The Department of Veterans Affairs (VA) has reviewed the Government 
Accountability Office's (GAO) draft report, VA Health Care, Budget 
Formulation and Reporting on Budget Execution Need Improvement (GAO-06- 
958). VA substantially agrees with your findings and conclusions as 
they pertain to the formulation of the fiscal year (FY) 2005 and FY 
2006 budgets. VA has also taken steps to incorporate these improvements 
into the FY 2007 budget and will continue to do so in future budget 
requests. 

VA is committed to ensuring that budget estimates accurately reflect 
mission requirements and are based on valid assumptions in providing 
timely, high-quality health care to veterans. 

The enclosure details actions taken and planned to implement GAO's 
recommendations. VA appreciates the opportunity to comment on your 
draft report. 

Sincerely yours, 

Signed by: 

Gordon H. Mansfield: 

Enclosure: 

The Department Of Veterans Affairs' (VA) Comments To The Government 
Accountability Office (GAO) Draft Report: 

VA Health Care; Budget Formulation and Reporting on Budget Execution 
Need Improvement (GAO-06-958): 

* To help improve VA's budget formulation of its medical programs 
budget and facilitate congressional oversight. GAO recommends that the 
Secretary of Veterans Affairs take three actions: 

Explain the relationship between implementation of proposed policy 
changes and the expected timing of when cost savings would be achieved. 
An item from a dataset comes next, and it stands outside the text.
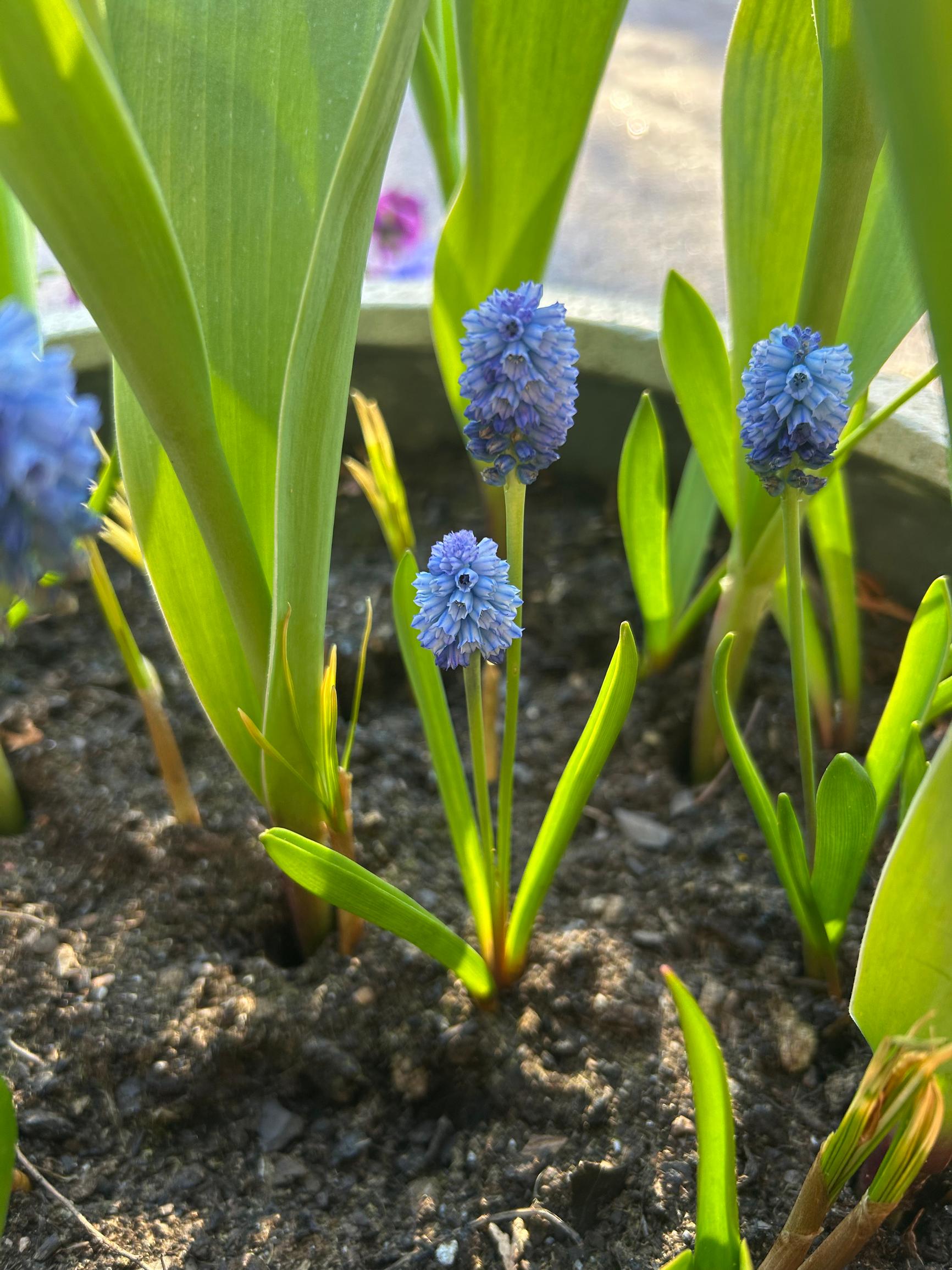 - All three pots seemed a bit sparse. We could have stuffed a lot more small bulbs—like grape hyacinths and crocuses—into them.
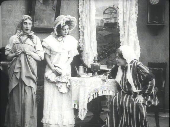 Пожилая вдова (Прасковья Максимова) живёт в собственном домике с незамужней дочерью Парашей (Софья Гославская). Вдова просит дочь найти недорогую кухарку. Параша приводит в дом под видом кухарки Мавруши переодетого в женское платье офицера (Иван Мозжухин), в которого она влюблена. Этот водевильный маскарад приводит к целому ряду забавных ситуаций. В конце концов вдова застает «Маврушу» за бритьем утренней щетины, и обман раскрывается.

Concur-VA employed the approach of critically evaluating policy changes 
and assumptions, realistic implementation timelines, and resulting 
savings In the development of the FY 2007 budget request and will 
continue to do so in future budgets. The relationship between the 
implementation of the policy and the expected timing of the budgetary 
impact will be determined and explained in the budget by VA. All 
changes in health care policy were appropriately identified in the FY 
2007 budget and will continue to be clearly identified in future 
budgets. This will enable all stakeholders to clearly recognize any 
policy changes that are proposed, along with the rationale to support 
them and their financial impact. This includes the date of expected 
approval of the policy, the timing of the implementation in the field, 
and the initial and future cost impacts. VA will provide more 
comprehensive explanations regarding the timing of the complex 
relationship between respective policy changes and realization of cost, 
or cost savings, in future budget requests to Congress. 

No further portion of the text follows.